En este contexto, introdujo el concepto de implantes híbridos, con una zona coronal mecanizada o microrugosa y una zona apical rugosa, diseñados para optimizar la osteointegración y, al mismo tiempo, reducir la susceptibilidad a la infección. Estudios preclínicos muestran que en implantes híbridos la interleucina 1 beta disminuye de forma significativa en modelos de periimplantitis experimental.

«Tenemos en nuestras manos parar la pérdida de hueso progresiva«, afirmó, defendiendo la incorporación de implantes híbridos como parte de la odontología contemporánea. Además, señaló que «la selección del implante debe buscar sistemas que eviten la microfiltración bacteriana«, un factor decisivo para mantener la salud periimplantaria tanto en alveolos cicatrizados como frescos.

Cirugía en pacientes susceptibles a periimplantitis con regeneración

En el mismo bloque científico, la Dra. Ana Molina, EFP Board y Máster UCM de Periodoncia e implantes dentales, abordó el desafío de la cirugía en pacientes susceptibles a periimplantitis con regeneración. Recordó que el 43% de los pacientes desarrolla mucositis periimplantaria, primer paso hacia la periimplantitis, y que hasta un 22% puede llegar a desarrollar la enfermedad.

Entre los factores de riesgo identificados destacó el biofilm, los antecedentes de periodontitis crónica y la falta de mantenimiento regular. Además, señaló otros indicadores de riesgo «que se dan a la vez pero no se sabe si tienen relación causal» como el tabaco, la diabetes, la ausencia de mucosa queratinizada, los restos de cemento y la inaccesibilidad a la higiene.

Desde el punto de vista quirúrgico, la Dra. Molina subrayó que la regeneración ósea horizontal simultánea a la colocación del implante ofrece tasas de supervivencia del 97,6%, aunque suele dejar defectos residuales de alrededor de 1 mm en un 20% de los casos.

En situaciones con disponibilidad ósea inadecuada, la Dra. Ana Molina recomendó llevar a cabo la regeneración previa a la colocación del implante

La Dra. Molina compartió una serie de recomendaciones clínicas. Así, indicó que los implantes deben colocarse en una posición protésicamente guiada y rodeados circunferencialmente de hueso. «Idealmente debe haber 1,5mm de hueso alrededor de implantes, si bien estas dimensiones pueden verse influenciadas por factores relacionados con el implante, la mucosa que lo rodea y la futura prótesis«, explicó.
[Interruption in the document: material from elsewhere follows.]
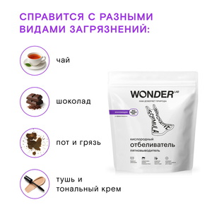 Универсальный кислородный отбеливатель-пятновыводитель WONDER LAB подходит для белого и цветного белья, для детской одежды, его можно применять для машинной и ручной стирки, для замачивания и предварительной обработки. Кислородный пятновыводитель эффективно удаляет сложные пятна от чая, шоколада, пота, пыли и грязи. Подходит для выведения следов от косметики: тонального крема и туши для ресниц, помады.Экологичный пятновыводитель мягко устраняет желтизну с белого белья, бережно отбеливает, усиливает свойства средств для стирки. Отбеливатель-пятновыводитель полностью выполаскивается из ткани, сохраняя её структуру и цвет.

En situaciones con disponibilidad ósea inadecuada, recomendó llevar a cabo la regeneración previa a la colocación del implante, que permite mayores ganancias óseas y una planificación más segura.

Finalmente, insistió en la importancia del tejido blando, recomendando una banda mínima de 2 mm de mucosa queratinizada, ya que su ausencia se asocia a mayor dificultad para la higiene, inflamación y pérdida ósea temprana. «No solo hay que mirar el escáner, sino también el aspecto clínico del paciente», concluyó.